Night 4 Writing Tip

Today’s post comes from Kurtis Scaletta, author of Mudville, published in 2009 by Knopf Books for Young Readers. His second novel, Mamba Point, will be published in 2010, and his third novel, Wake, ME, will be published in 2011. Find out more about Kurtis and his books at http://www.kurtisscaletta.com.

 

The Long View


If I had to distill my advice for emerging writers to a single sentence, it would be: take the long view.

 

Take the long view of your career

 

In my 20s and early 30s I went running sometimes. I was never a runner, though. I know a lot of runners, and they just do the whole running thing on a different level. They run every day, no matter what the weather or their mood. They know all the science about running — the proper way to stretch and warm up, what their heart rate should be at any point in a run, when and what they should eat, and a bunch of other stuff I find boring.

 

I thought I might like to run a marathon, some day, but the plain truth of it is that I liked the idea of boasting about having run a marathon, but didn’t really want to become a runner, and that’s what you have to do first. You have to take a long view of yourself as a runner. It’s a lifestyle decision, and I wasn’t up to it. I know now I’ll never run a marathon. That’s fine. I’m not a bucket list guy with a bunch of stuff I want to do just to have done it. I have also realized at various times in my life that I am not a musician, an artist, a golfer, a poet, or a practitioner of yoga.

 

I am a writer, though. I have always had a long view of myself as a writer, and went through many years of writing classes and workshops, critique groups, reading books about writing and publishing, and writing every day, completing four unpublishable manuscripts before the first made its way into print. So when people ask me how I got a book published, I find myself explaining that I was a writer first. I didn’t just knock off a book over a long weekend and win the slush pile lottery. I’ve been doing this stuff since I was six years old.

 

And I still have a lot to learn. I may have sold a book or three, but I still read other books and realize I have a long way to go. It’s not about just straggling along the finish line once and saying, “There, I did it.
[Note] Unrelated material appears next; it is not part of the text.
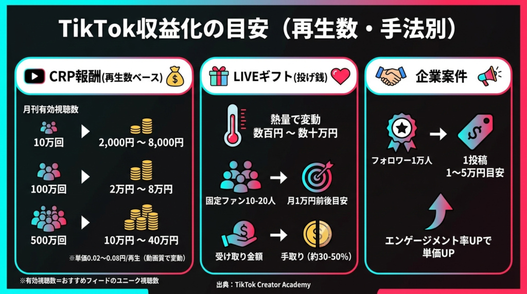 フォロワー50人以上ならLIVEギフト、フォロワー不問ならアフィリエイト・TikTok Shop・外部LINE誘導が今日から動けます。CRP(再生報酬)はフォロワー1万人・30日間10万再生が条件で、一番ハードルが高い方法です。条件が揃っていない段階でCRPだけを狙うのは非効率です。

I ran a marathon.” I want to keep doing this, and keep achieving a new personal best.

 

Take the long view of your role in the industry

 

Most agents and editors aren’t looking for a one-off. They’re looking for a LTR, as they say in the personal ads. I think it’s easy for new writers to jump at any opportunity to get a bit closer to publication, but since I’ve now known my agent for three years and my editor for two and a half years, I can really appreciate how important it is to have smart, thoughtful people who are also taking the long view of my career as a writer. It’s a serious commitment for everyone, and you all need to be ready for the long haul. Think of the relationship beginning with your query letter, not with an offer.

 

Take the long view of your current project

 

If you’re lucky, you might see your first novel in print three years after you start writing it. For me, it was five years. Book publishing is a slow business. We live in the age of NaNoWriMo and instant web publishing, and blogs that turn into book deals within months, but most books take a year or more to write and up to two years to publish after the manuscript is done. So even though it’s exciting to have books out on submission, knowing that any minute now the phone might ring with exciting (even life-changing news), there’s really no hurry. There’s always time for another round of revisions, or for a little research to tighten up some stuff you faked your way through on the first draft. I’m really glad I gave Mudville that second summer of revisions, that I stopped to research things that felt unimportant when I was storming through that first draft (like how to rebuild a baseball field) and that my agent then put me through another winter of edits before she started shopping the book around. Now that it’s out, it doesn’t feel like the waiting was that hard, and it was definitely worth it.

 

On a similar note, take a long view of your book. It might be in print for fifty years or more. A few months, even another year, will not make a difference. And don’t worry about what the current trends are, either. Did E.B. White worry about whether pig fiction was big in 1952? Was Dr. Seuss convinced that rhymed stories about meddlesome cats were all the rage with six year olds five years later? Write as if your book will be around for generations, outlasting the trends. Maybe it will, and maybe it won’t, but it’s more likely to if you take the long view.